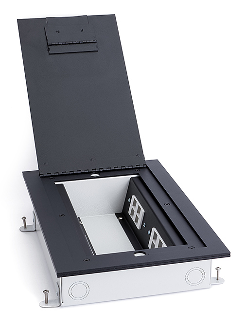 THE 4200 SERIES RECESSED/ACCESS BOX is a four-gang dual service floor box for use in a poured concrete floor, raised floor or wood floor. The box is constructed of 16 ga. galvanized steel and comes complete with heavy duty hot-rolled steel cover, in black or stainless steel. The units are shipped with disposable sheet metal covers to protect the box during concrete pour. The box is supplied with two (½ – ¾” combination) NPS conduit knockouts on each end for conduit feed and two (1 ½”) NPS conduit knockouts on the bottom COMM/AV side. The unit comes complete with four adjustable legs for pre-pour adjustment. For raised floor or wood floor applications, disregard the adjustable leg hardware. All gangs are supplied with blank/decora knockout plates that accepts most decora receptacles, GFCI receptacles and low voltage yokes.
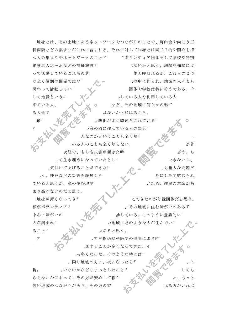 最近では、地域のつながりの希薄化がよく問題とされているが本当に大きな問題だと思う。実際に私も自分の家の隣に住んでいる人の顔も名前も知らないし、どのぐらいの年齢でどういう人なのかということも全く知らない。隣だけではなく自分の家の近所に住んでいる人のことも全く知らない。このような...
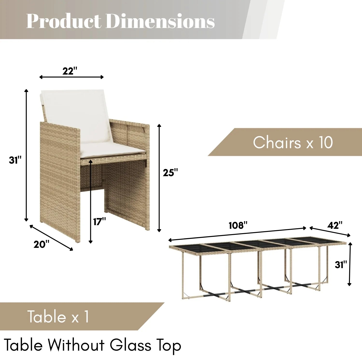 - 10 Chair Dimension: 22″Lx20″Wx31″H
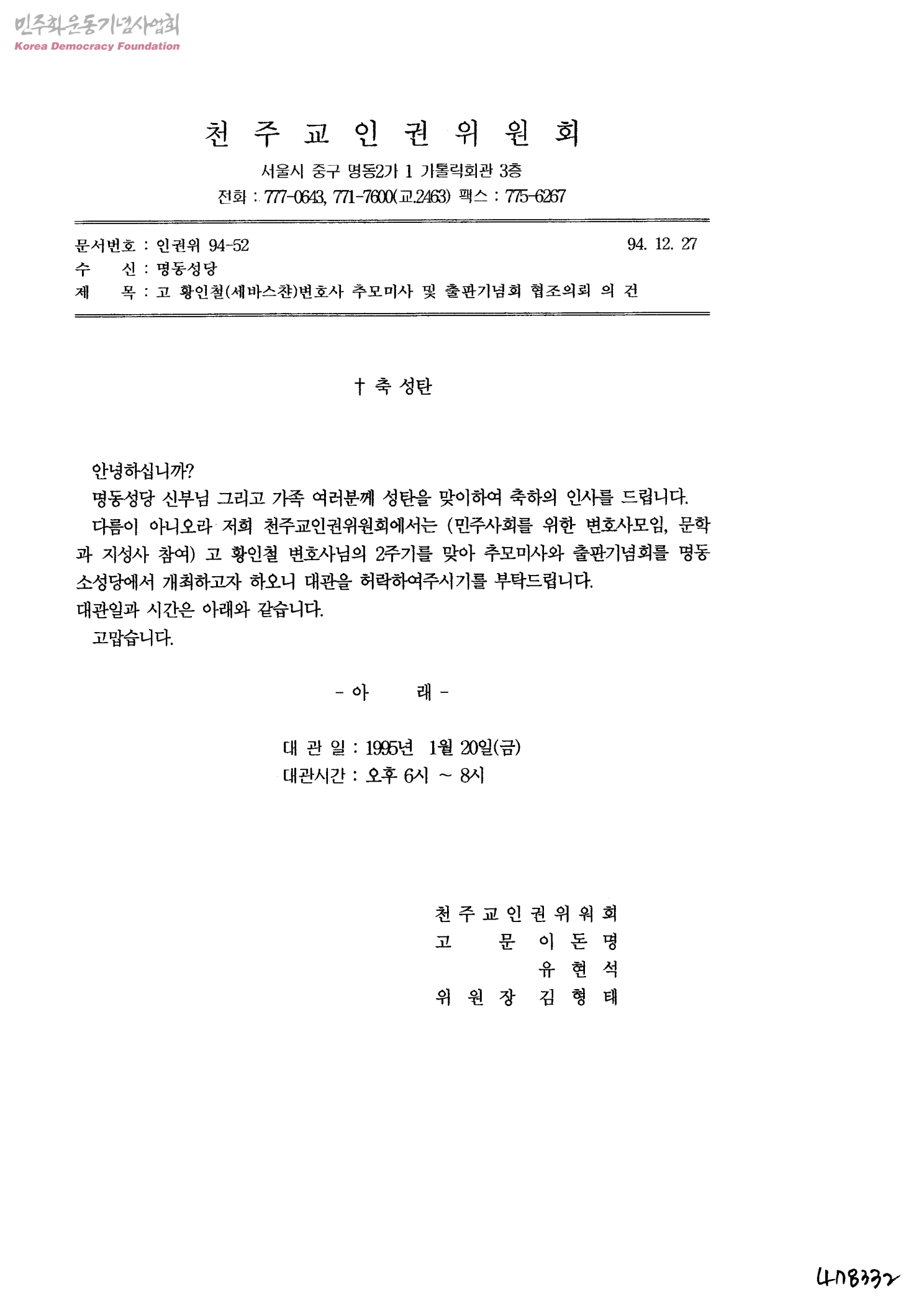 고 황인철(세바스챤)변호사 추모미사 및 출판기념회 협조의뢰 의 건[수신:명동성당]
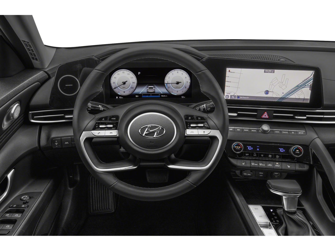 This 2023 Hyundai Elantra Limited in Phantom Black includes the following features: I4 CVT FWD Option Group 01, 17 x 7.0J Alloy Wheels, 4-Wheel Disc Brakes, 8 Speakers, ABS brakes, Air Conditioning, Alloy wheels, AM/FM radio: SiriusXM, Apple CarPlay & Android Auto, Auto High-beam Headlights, Auto-dimming Rear-View mirror, Automatic temperature control, Brake assist, Bumpers: body-color, Cargo Net, Carpeted Floor Mats, Delay-off headlights, Driver door bin, Driver vanity mirror, Dual front impact airbags, Dual front side impact airbags, Electronic Stability Control, Emergency communication system: Blue Link Connected Car Service (3-year complimentary subscription), Exterior Parking Camera Rear, Front anti-roll bar, Front Bucket Seats, Front Center Armrest, Front dual zone A/C, Front reading lights, Front wheel independent suspension, Fully automatic headlights, Heated door mirrors, Heated Front Seats, Heated front seats, Illuminated entry, Leather-Trimmed Seats, Low tire pressure warning, Mudguards, Navigation System, Occupant sensing airbag, Outside temperature display, Overhead airbag, Overhead console, Panic alarm, Passenger door bin, Passenger vanity mirror, Power door mirrors, Power driver seat, Power moonroof, Power steering, Power windows, Radio: AM/FM/HD/SiriusXM Display Audio, Rear Bumper Applique, Rear seat center armrest, Rear window defroster, Remote keyless entry, Security system, Speed control, Speed-sensing steering, Split folding rear seat, Steering wheel mounted audio controls, Tachometer, Telescoping steering wheel, Tilt steering wheel, Traction control, Trip computer, Turn signal indicator mirrors, and Variably intermittent wipers. Recent Arrival! 30/40 City/Highway MPG
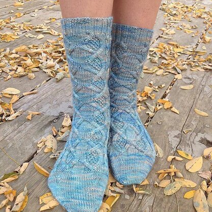 Top-down sock pattern in 2 sizes, with 72 or 76 stitch cast on, increasing in pattern to accommodate cables. Includes charts and written instructions.
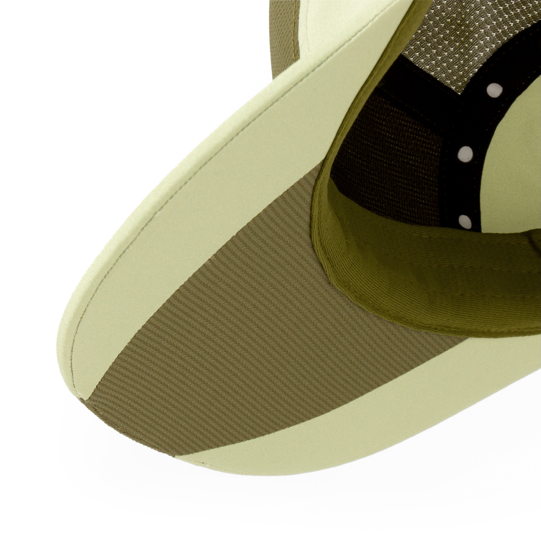 - 面料:耐用的 TUFFtek 帆布,使用回收聚酯編織。輕量、具冷卻和抗異味效果的回收 COOLmatic | PLUS MIKRAmesh™,適用於帽子頂部和頭帶。
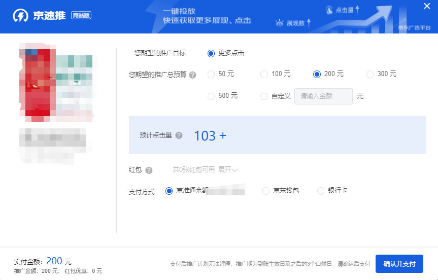 c、點擊商品推廣:進入投放頁面,廣告主可選擇推廣目標、推廣預算、紅包、支付方式創建推廣計劃,對SKU/SPU進行投放。其推廣目標:目前目標只有“更多點擊”,后續會增加其他轉化目標等。推廣周期:計劃生效時長是3天,創建之后不可修改、暫停。支付方式:建議選擇京準通余額,充值后可立即推廣。預計點擊量:根據歷史數據對本次推廣的目標以及推廣預算對可能獲得的點擊量進行預估。
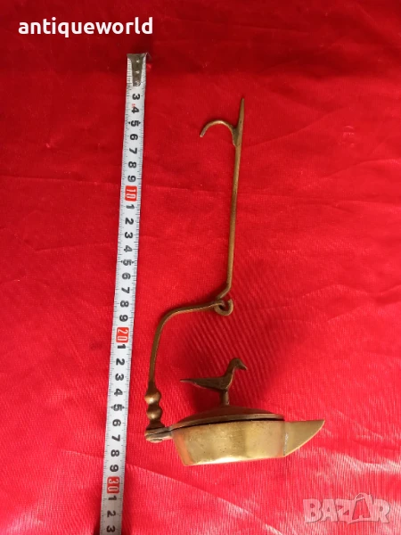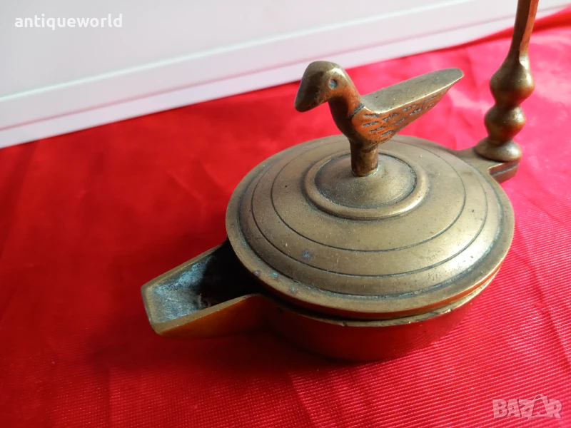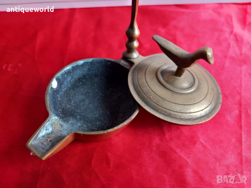 Стара Красива Османска Бронзова Маслена Лампа с Птица.
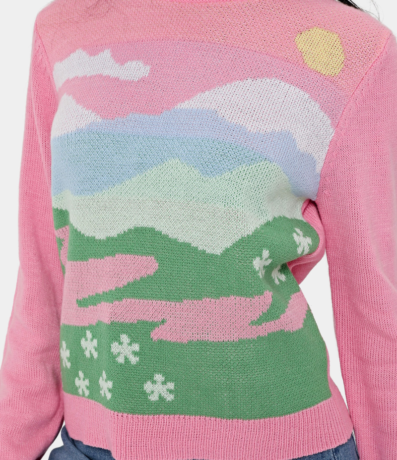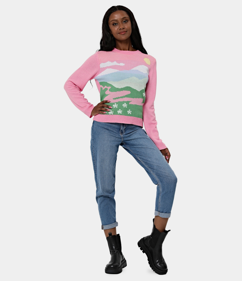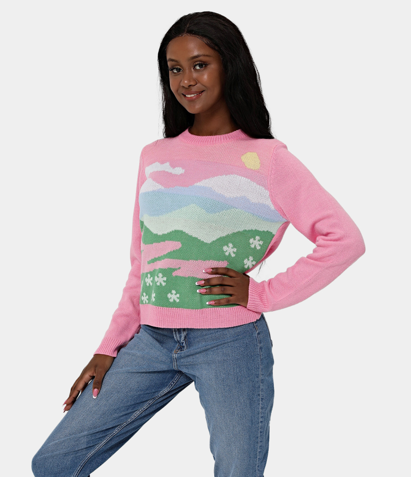 :: Halara Round Neck Landscape Print Pullover Sweater Women's Tops Pink | SGJUZRN-98

* YOUR INSTRUCTIONS:
This task calls for the lines from the line containing "- 面料:耐用的 TUFFtek" through the end of the listing, set down exactly and only, with pictures omitted.

* RESULT BELOW:
 - 面料:耐用的 TUFFtek 帆布,使用回收聚酯編織。輕量、具冷卻和抗異味效果的回收 COOLmatic | PLUS MIKRAmesh™,適用於帽子頂部和頭帶。
 c、點擊商品推廣:進入投放頁面,廣告主可選擇推廣目標、推廣預算、紅包、支付方式創建推廣計劃,對SKU/SPU進行投放。其推廣目標:目前目標只有“更多點擊”,后續會增加其他轉化目標等。推廣周期:計劃生效時長是3天,創建之后不可修改、暫停。支付方式:建議選擇京準通余額,充值后可立即推廣。預計點擊量:根據歷史數據對本次推廣的目標以及推廣預算對可能獲得的點擊量進行預估。
 Стара Красива Османска Бронзова Маслена Лампа с Птица.
 :: Halara Round Neck Landscape Print Pullover Sweater Women's Tops Pink | SGJUZRN-98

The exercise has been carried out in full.